## ACTIVITY
What is needed here is an exact repetition of the records below, beginning at the line that has "A radiant hand-tied" and stopping after the line that has "Pendientes largos bañados".

## RECORDS

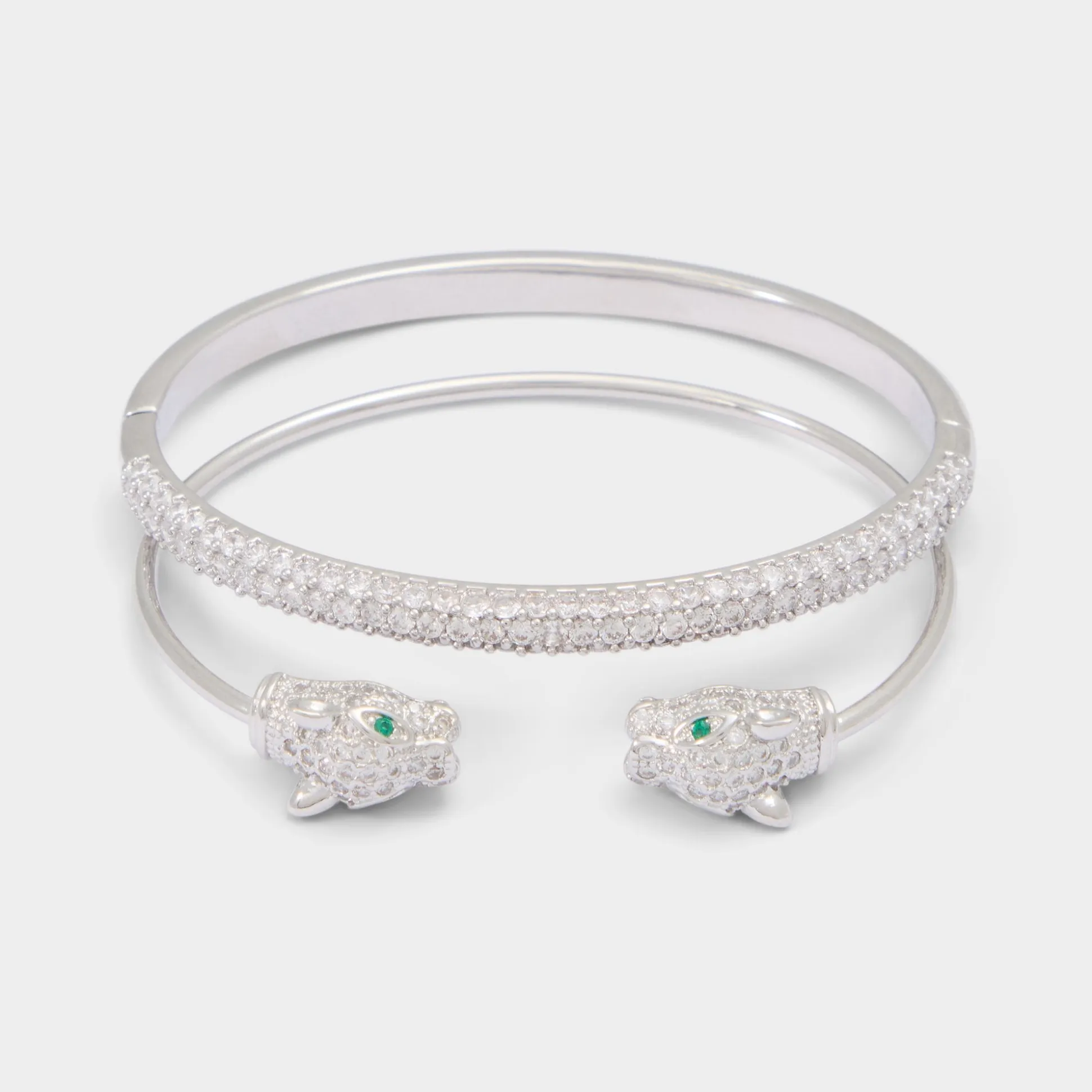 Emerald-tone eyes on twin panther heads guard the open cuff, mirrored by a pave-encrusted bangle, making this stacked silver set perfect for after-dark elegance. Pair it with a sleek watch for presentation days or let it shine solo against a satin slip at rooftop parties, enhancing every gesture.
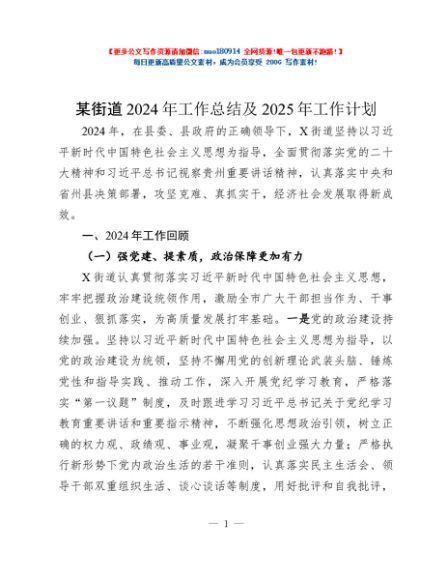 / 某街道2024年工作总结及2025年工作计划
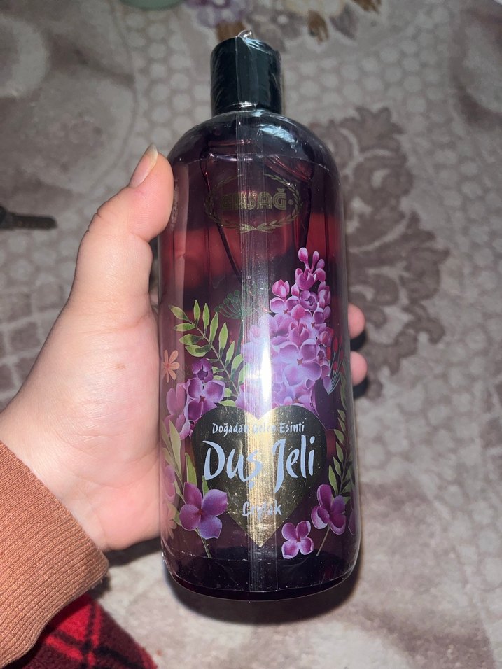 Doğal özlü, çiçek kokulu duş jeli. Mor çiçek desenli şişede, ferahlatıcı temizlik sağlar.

* * *

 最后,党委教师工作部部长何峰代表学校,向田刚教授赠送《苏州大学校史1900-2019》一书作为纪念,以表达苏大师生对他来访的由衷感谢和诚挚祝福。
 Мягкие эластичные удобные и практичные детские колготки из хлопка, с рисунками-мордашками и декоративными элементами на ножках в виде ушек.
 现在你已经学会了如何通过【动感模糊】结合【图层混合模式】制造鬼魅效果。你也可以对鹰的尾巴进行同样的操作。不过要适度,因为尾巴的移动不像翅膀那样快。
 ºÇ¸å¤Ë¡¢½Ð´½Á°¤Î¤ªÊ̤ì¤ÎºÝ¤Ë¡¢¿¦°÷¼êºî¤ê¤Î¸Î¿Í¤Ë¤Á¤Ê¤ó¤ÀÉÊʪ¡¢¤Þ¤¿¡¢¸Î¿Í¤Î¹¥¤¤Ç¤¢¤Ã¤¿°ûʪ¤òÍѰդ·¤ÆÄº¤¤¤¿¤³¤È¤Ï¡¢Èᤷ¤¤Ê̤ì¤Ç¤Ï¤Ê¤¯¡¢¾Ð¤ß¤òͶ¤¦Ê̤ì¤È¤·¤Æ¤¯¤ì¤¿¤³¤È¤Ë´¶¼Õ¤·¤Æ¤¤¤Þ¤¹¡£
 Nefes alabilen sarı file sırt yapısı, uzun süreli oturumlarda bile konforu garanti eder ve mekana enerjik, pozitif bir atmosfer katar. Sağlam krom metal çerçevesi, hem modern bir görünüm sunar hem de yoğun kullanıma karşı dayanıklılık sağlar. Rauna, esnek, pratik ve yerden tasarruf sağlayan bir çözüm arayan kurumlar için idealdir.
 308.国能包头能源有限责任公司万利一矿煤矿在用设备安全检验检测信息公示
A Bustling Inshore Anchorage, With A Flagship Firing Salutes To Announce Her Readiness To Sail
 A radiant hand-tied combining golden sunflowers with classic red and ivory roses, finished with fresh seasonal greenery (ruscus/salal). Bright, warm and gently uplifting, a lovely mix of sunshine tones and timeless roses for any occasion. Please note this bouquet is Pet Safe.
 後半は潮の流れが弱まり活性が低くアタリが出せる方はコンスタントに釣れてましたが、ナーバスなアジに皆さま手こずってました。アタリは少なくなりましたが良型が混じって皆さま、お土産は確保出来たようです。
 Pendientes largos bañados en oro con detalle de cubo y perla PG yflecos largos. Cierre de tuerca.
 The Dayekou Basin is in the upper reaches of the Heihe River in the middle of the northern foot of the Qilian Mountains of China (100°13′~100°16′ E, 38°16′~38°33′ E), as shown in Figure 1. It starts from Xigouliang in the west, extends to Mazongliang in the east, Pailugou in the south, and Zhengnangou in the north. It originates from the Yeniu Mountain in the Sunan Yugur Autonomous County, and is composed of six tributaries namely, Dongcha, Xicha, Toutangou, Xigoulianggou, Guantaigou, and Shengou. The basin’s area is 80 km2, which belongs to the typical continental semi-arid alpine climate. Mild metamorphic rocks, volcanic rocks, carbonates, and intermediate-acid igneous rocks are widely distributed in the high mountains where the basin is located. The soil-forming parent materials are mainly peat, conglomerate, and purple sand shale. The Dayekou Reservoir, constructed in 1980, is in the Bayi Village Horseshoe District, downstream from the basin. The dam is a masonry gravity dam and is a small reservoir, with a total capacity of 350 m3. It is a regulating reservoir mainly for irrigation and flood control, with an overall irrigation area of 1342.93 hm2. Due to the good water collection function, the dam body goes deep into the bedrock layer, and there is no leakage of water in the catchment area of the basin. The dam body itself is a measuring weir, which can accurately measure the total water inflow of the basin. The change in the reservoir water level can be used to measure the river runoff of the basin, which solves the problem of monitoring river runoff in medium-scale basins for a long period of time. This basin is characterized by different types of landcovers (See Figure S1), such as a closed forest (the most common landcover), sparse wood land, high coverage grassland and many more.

## SOLVED EXERCISE
 A radiant hand-tied combining golden sunflowers with classic red and ivory roses, finished with fresh seasonal greenery (ruscus/salal). Bright, warm and gently uplifting, a lovely mix of sunshine tones and timeless roses for any occasion. Please note this bouquet is Pet Safe.
 後半は潮の流れが弱まり活性が低くアタリが出せる方はコンスタントに釣れてましたが、ナーバスなアジに皆さま手こずってました。アタリは少なくなりましたが良型が混じって皆さま、お土産は確保出来たようです。
 Pendientes largos bañados en oro con detalle de cubo y perla PG yflecos largos. Cierre de tuerca.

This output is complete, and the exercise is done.